Mathematical modeling of memristor resistive switching based on mass transfer full model of oxygen vacancies and ions

Tyumen State University Herald. Physical and Mathematical Modeling. Oil, Gas, Energy


Release:

2022. Vol. 8. № 2 (30)

Title: 
Mathematical modeling of memristor resistive switching based on mass transfer full model of oxygen vacancies and ions


For citation: Ebrahim A. H. A., Busygin A. N., Udovichenko S. Yu. 2022. “Mathematical modeling of memristor resistive switching based on mass transfer full model of oxygen vacancies and ions”. Tyumen State University Herald. Physical and Mathematical Modeling. Oil, Gas, Energy, vol. 8, no. 2 (30), pp. 198-214. DOI: 10.21684/2411-7978-2022-8-2-198-214

About the authors:

Abdulla H. Ebrahim, Cand. Sci. (Phys.-Math.), Junior Researcher, Memristive Materials Laboratory, Center for Nature-Inspired Engineering, University of Tyumen, Tyumen, Russia; abdulla.ybragim@mail.ru, https://orcid.org/0000-0002-1709-9882

Alexander N. Busygin, Cand. Sci. (Phys.-Math.), Associate Professor, Department of Applied and Technical Physics, School of Natural Sciences, University of Tyumen, Tyumen, Russia; Senior Researcher, Memristive Materials Laboratory, Center for Nature-Inspired Engineering, University of Tyumen, Tyumen, Russia; a.n.busygin@utmn.ru, https://orcid.org/0000-0002-3439-8067

Sergey Yu. Udovichenko, Dr. Sci. (Phys.-Math.), Professor, Department of Applied and Tech­nical Physics, School of Natural Sciences, University of Tyumen, Tyumen, Russia; Scientific Director of the Memristive Materials Laboratory, Center for Nature-Inspired Engineering, University of Tyumen, Tyumen, Russia; udotgu@mail.ru, https://orcid.org/0000-0003-3583-7081

Abstract:

A relatively simple mathematical model of dynamic switching of a memristor has been created based on a fairly complete physical model of the processes of stationary mass transfer of oxygen vacancies and ions, considering their generation, recombination and diffusion in electric field in the “metal-oxide-metal” structure with the dominant transport mechanism of electron tunneling through oxygen vacancies.

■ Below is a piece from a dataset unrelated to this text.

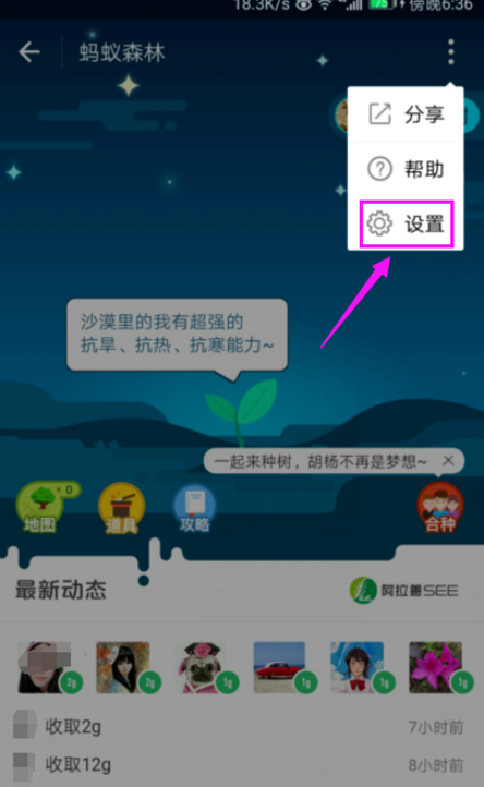 3、进入蚂蚁森林页面,我们选择按右上角的三个白点,如图。

The results of numerical simulation of mass transfer of oxygen vacancies along thickness of the oxide layer of the memristor are presented. The distributions of vacancy concentration during their diffusion in an electric field are found, taking into account the processes of generation and recombination with ions, depending on the applied voltage to the electrodes and on the temperature of the memristor. A good coincidence of the volt-ampere characteristics part found as a result of numerical simulation and a series of experiments is obtained.

It is shown that under conditions of more than 600 K memristor temperature, it is possible to neglect the process of ion-vacancy recombination and significantly simplify the procedure for mathematical modeling of memristor resistive switching by eliminating the oxygen mass transfer equation, as well as the recombination term in the stationary equation of oxygen vacancies mass transfer.

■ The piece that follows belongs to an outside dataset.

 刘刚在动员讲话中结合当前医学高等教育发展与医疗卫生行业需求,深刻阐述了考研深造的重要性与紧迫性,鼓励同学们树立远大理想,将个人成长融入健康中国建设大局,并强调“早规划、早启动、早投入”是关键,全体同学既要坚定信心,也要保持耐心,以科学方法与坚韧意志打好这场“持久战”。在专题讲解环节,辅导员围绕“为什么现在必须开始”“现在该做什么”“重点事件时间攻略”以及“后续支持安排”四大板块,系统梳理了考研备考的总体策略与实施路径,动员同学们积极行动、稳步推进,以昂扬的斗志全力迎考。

The developed mathematical model of memristor dynamic switching, including a system of stationary ordinary differential equations, is designed to simulate the operation of large memristor arrays in neuromorphic computing devices and may be preferable in relation to known circuit models that include a certain set of fitting parameters to match the simulation results with the memristor experimental characteristics.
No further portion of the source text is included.